Jamie Coutts, the chief cryptocurrency analyst at macro research firm Real Vision, pointed out that smaller market cap crypto assets have been under pressure since Bitcoin (BTC) hit a new high in March this year. He believes that when the market stabilizes, there may be “some opportunities” for altcoins.
In charts shared by Coutts on Friday the 14th, it shows that in the past 3 months, the top 200 cryptocurrencies by equal-weighted index (not considering market cap, giving each currency the same weight) have dropped by over 30% compared to the market cap-weighted index.
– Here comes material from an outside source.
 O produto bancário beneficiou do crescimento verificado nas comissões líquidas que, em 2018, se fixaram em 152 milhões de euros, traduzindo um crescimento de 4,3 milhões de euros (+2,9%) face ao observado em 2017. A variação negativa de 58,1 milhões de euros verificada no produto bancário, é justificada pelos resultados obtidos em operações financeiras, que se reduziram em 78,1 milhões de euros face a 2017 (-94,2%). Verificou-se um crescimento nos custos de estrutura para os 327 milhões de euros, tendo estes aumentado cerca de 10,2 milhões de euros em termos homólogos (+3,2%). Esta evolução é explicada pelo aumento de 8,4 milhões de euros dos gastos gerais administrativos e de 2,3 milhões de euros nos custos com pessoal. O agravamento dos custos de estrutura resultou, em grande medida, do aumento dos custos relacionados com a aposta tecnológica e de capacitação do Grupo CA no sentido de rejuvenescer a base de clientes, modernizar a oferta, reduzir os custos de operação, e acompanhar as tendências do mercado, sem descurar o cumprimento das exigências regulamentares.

This indicates that smaller market cap cryptocurrencies have performed weaker compared to the dominant large market cap cryptocurrencies.
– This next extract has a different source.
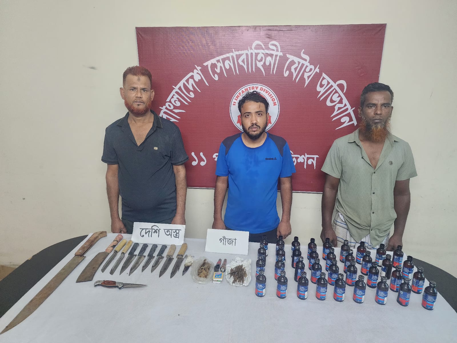 গ্রেফতারকৃতরা হলো শহরের চক সুত্রাপুর এলাকার আব্দুল মোতালেবের ছেলে ফেরদৌস (৪৫), সেউজগাড়ি পালপাড়ার মৃতঃ সালাউদ্দিনের ছেলে আলম আকন্দ (৪৫), আলম আকন্দের স্ত্রী তাসলিমা বেগম (৩৭), মেয়ে আইরিন আক্তার সোনালী এবং চকসুত্রাপুরের সিরাজ শেখ এর ছেলে শাওন শেখ (২৭)। এসময় তাদের নিকট থেকে ১১টি দেশীয় অস্ত্র, ১টি বার্মিজ চাকু, ১৫ বোতল ফেন্সিডিল, ২০০ গ্রাম গাঁজা ও গাঁজা সেবনের সরঞ্জাম এবং বিপুল পরিমাণ খালি ফেন্সিডিলের বোতল উদ্ধার করা হয়।
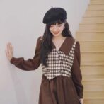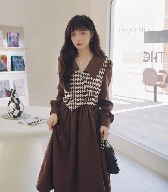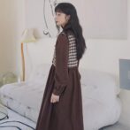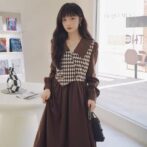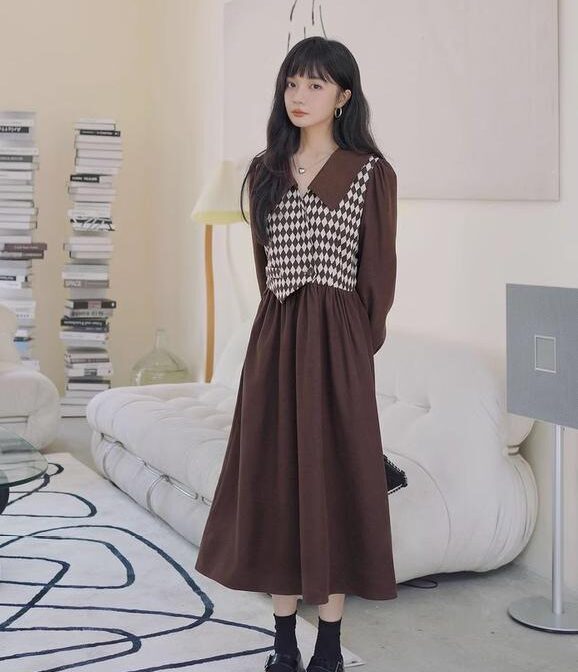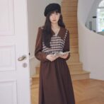 レトロチェック柄スプライシングフェイクツーピースドレス

Coutts also shared the returns of several cryptocurrency sectors in the last three months, with metaverse-related tokens having the lowest return at -44.13%, followed by infrastructure sector at -43.28%. Decentralized finance (DeFi), smart contract platforms, and digital currency sectors have relatively lower declines at -31.15%, -31.58%, and -31.59% respectively.
According to CoinGecko data, the native tokens SAND and MANA of the two major metaverse platforms, The Sandbox and Decentraland, have dropped by over 50% from their highs in the past three months, while Bitcoin and Ethereum (ETH) have only declined by 9% and 14% respectively during the same period (with maximum declines of around 23% and 32%).